## EXERCISE DATA:
----------------

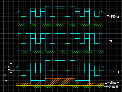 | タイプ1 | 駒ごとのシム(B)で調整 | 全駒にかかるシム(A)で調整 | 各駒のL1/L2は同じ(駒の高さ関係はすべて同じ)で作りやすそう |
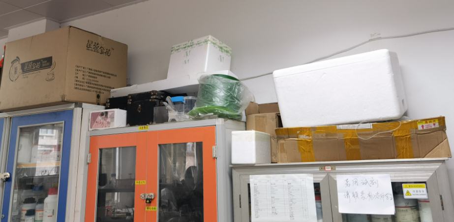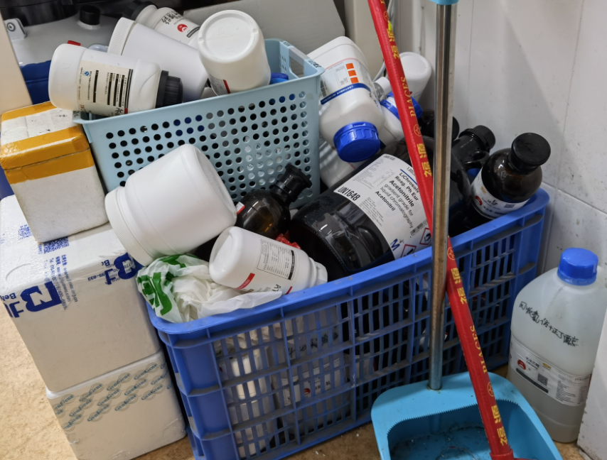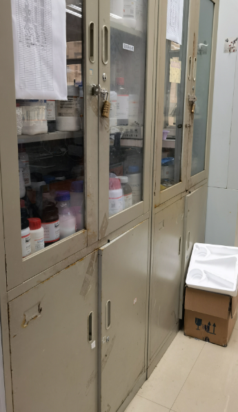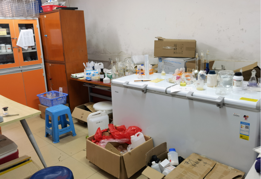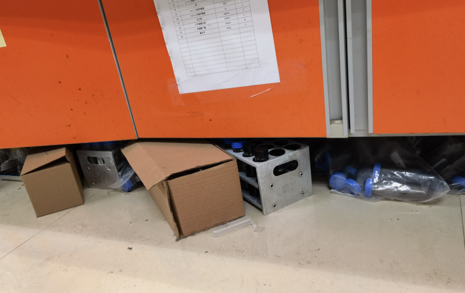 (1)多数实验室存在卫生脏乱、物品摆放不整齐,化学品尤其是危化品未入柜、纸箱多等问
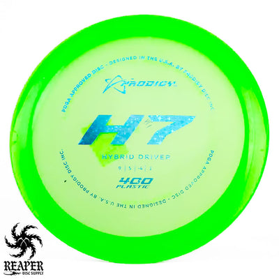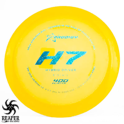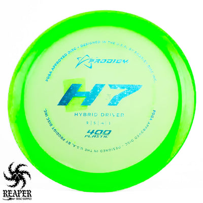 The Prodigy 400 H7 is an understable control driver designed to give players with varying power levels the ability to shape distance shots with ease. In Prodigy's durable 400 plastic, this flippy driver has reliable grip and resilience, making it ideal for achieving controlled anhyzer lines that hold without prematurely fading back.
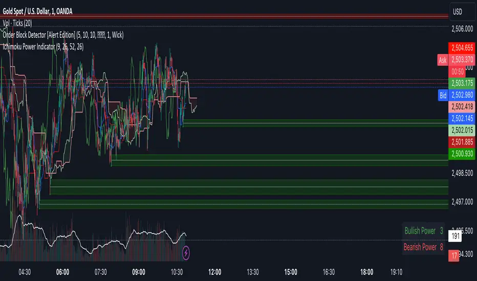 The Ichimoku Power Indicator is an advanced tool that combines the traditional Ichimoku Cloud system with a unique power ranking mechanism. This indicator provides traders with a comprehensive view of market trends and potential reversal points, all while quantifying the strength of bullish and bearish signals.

----------------

## WHAT THE TASK ASKS:
The data above is to be printed exactly, all of it, except for the pictures.

## RESULT:
 | タイプ1 | 駒ごとのシム(B)で調整 | 全駒にかかるシム(A)で調整 | 各駒のL1/L2は同じ(駒の高さ関係はすべて同じ)で作りやすそう |
 (1)多数实验室存在卫生脏乱、物品摆放不整齐,化学品尤其是危化品未入柜、纸箱多等问
 The Prodigy 400 H7 is an understable control driver designed to give players with varying power levels the ability to shape distance shots with ease. In Prodigy's durable 400 plastic, this flippy driver has reliable grip and resilience, making it ideal for achieving controlled anhyzer lines that hold without prematurely fading back.
 The Ichimoku Power Indicator is an advanced tool that combines the traditional Ichimoku Cloud system with a unique power ranking mechanism. This indicator provides traders with a comprehensive view of market trends and potential reversal points, all while quantifying the strength of bullish and bearish signals.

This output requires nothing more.